The hypocrisy of Churchill would make itself evident at once. He would show immediately that his main aim is to win the war – for capitalism, not for democracy. When the French General Staff saw defeat looming, their fear of revolution made them capitulate at once. Churchill, faced, with a proletarian revolution at home, would not hesitate for one moment. He would sooner see the victory of Hitler and the salvation of capitalism through fascism, than the defeat of Hitler by the revolutionary working class. The French capitalists forestalled a revolution by giving in quickly to Hitler. But let the workers of England start their revolution for socialism and the situation would be quite different. When the victorious army of Bismarck faced the armed Paris workers in the days of the Commune, he did not dare send his troops into Paris to disarm the Communards. He did not want his own troops to become infected, for through them all Germany would have burst into flame. The flame of the English revolution would light up first of all Germany and then all .of Europe. Does anyone believe that the German workers are enthusiastic for the war and have any great love for their fascist masters? No, an English revolution would cause the very ground to quake under Hitler’s feet.

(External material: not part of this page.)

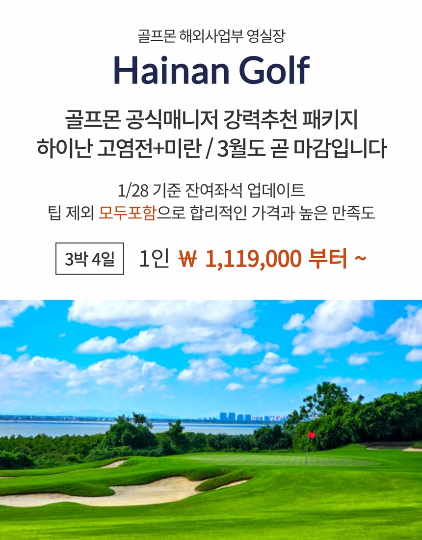 [하이난 미란·고염전] 1/28 기준 잔여좌석 업데이트 - 골프몬 공식매니저 강력추천 패키지

All the lessons of the events in Europe since the Russian Revolution make it clear that only the workers can defeat fascism. They cannot leave this task to the “democratic” capitalists, Churchill defends imperialism, not democracy. It is capitalism in putrid decay that breeds fascism. And the wai is hastening and extending this decay. The defeat of Hitler would bring revolution in Germany, no doubt. But if the Churchills were victorious, then they would protect their capitalist system by attempting to drown the German revolution in blood. That would mean a new form of fascism unless the German revolution then spread to England. Any way one looks at it, only the workers can defeat fascism. The English workers can bring Hitler down by themselves taking power in England against the capitalist government.